La riforma effettua una modifica della sistematica costituzionale, per effetto della quale le attribuzioni del Presidente della Repubblica, indicate dal vigente art. 87, sono definite in primo luogo nell’art. 83, che attualmente ne disciplina l’elezione, nonché dallo stesso art. 87 come novellato.

L’assetto delle attribuzioni conferite dalla riforma al Presidente della Repubblica è completato poi dalle novelle introdotte negli art. 88, 89 e 92, nonché, per sottrazione, nell’art. 104 Cost..

 

La modifica dell’art. 89 consente di chiarire con immediatezza gli atti di natura esclusivamente presidenziale che, non essendo posti in essere in base a proposta di altri organi, non richiedono controfirma.

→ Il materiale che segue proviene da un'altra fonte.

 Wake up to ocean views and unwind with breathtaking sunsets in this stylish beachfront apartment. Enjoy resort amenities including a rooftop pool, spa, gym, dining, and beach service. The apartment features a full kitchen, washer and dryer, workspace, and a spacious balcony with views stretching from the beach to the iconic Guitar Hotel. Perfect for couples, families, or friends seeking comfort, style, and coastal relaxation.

Rientrano tra tali atti i seguenti:

§  la nomina del Primo ministro;

§  l'indizione delle elezioni delle Camere e lo scioglimento delle stesse;

§  l'indizione dei referendum nei casi previsti dalla Costituzione;

§  il rinvio e la promulgazione delle leggi;

§  l'invio dei messaggi alle Camere;

§  le nomine che sono attribuite al Presidente della Repubblica dalla Costituzione e quelle per le quali la legge non prevede la proposta del Governo.

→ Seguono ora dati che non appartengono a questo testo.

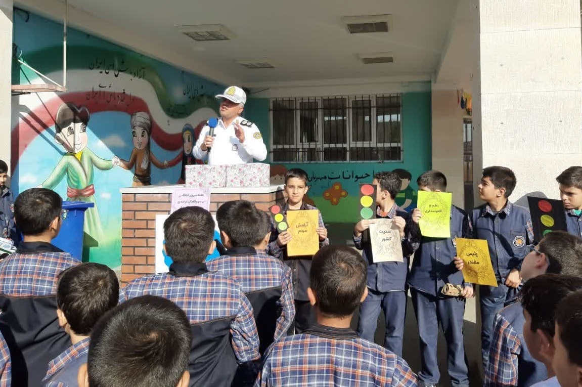 به مناسبت هفته نیروی انتظامی، مدرسه ابتدایی زندهیاد خلیقی منطقه گیلاوند در فضایی پرشور و صمیمی میزبان سرهنگ اردستانی، رئیس پلیس راهور شهرستان دماوند، بود.
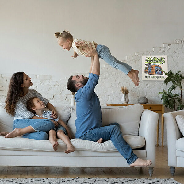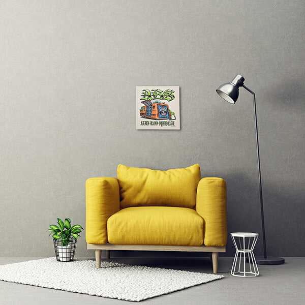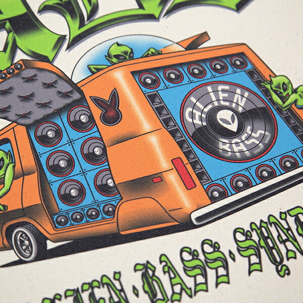 サウンドシステムを搭載したバンにエイリアンのサウンドクルーという、TEXTA氏の独特のクリエイティビティが生み出すアートワークは必見。しっかりとした木枠に、キャンバス生地を貼り付けた仕様になっています。

Per ogni altro atto del Presidente della Repubblica, il proponente, che sia il Primo ministro o i ministri, ne assume la responsabilità.

 

Il vigente art. 89 - in un assetto costituzionale in cui lo stesso Presidente è organo di equilibrio istituzionale e di garanzia, assicurando una sorta di controllo preventivo di garanzia costituzionale anche sugli atti del governo - in relazione alle disposizioni dell’art. 87, primo comma, per cui il Presidente della Repubblica è il Capo dello Stato e rappresenta l’unità nazionale, attribuisce allo stesso Capo dello Stato una funzione generalizzata di rappresentanza con effetto di imputazione a tale carica di atti anche rientranti sostanzialmente nelle competenze governative. Perciò tale articolo, nel testo vigente, prevede che nessun atto del Presidente della Repubblica è valido se non è controfirmato dai ministri proponenti, che ne assumono la responsabilità, e che gli atti che hanno valore legislativo e gli altri indicati dalla legge sono controfirmati anche dal Presidente del Consiglio dei ministri.

 

Quindi, la nomina del Primo ministro, disposta dal primo comma dell’art. 92, come novellato, costituisce atto esclusivamente presidenziale, mentre la nomina e la revoca dei ministri avviene su proposta del Primo ministro.

 

Questo nuovo assetto dei poteri di nomina e revoca dei ministri avrebbe richiesto, nel caso la riforma fosse entrata in vigore, una valutazione di impatto sull’istituto della sfiducia individuale attualmente prevista dal Regolamento della Camera (art. 115 Regolamento) e disciplinata in via di prassi al Senato.

 

Lo scioglimento delle Camere è espressamente qualificato come facoltà presidenziale dall’ultimo comma introdotto nel novellato art. 88, facoltà che il Presidente della Repubblica esercita, sentito il Primo ministro e i loro Presidenti, e può riguardare una o entrambe le Camere.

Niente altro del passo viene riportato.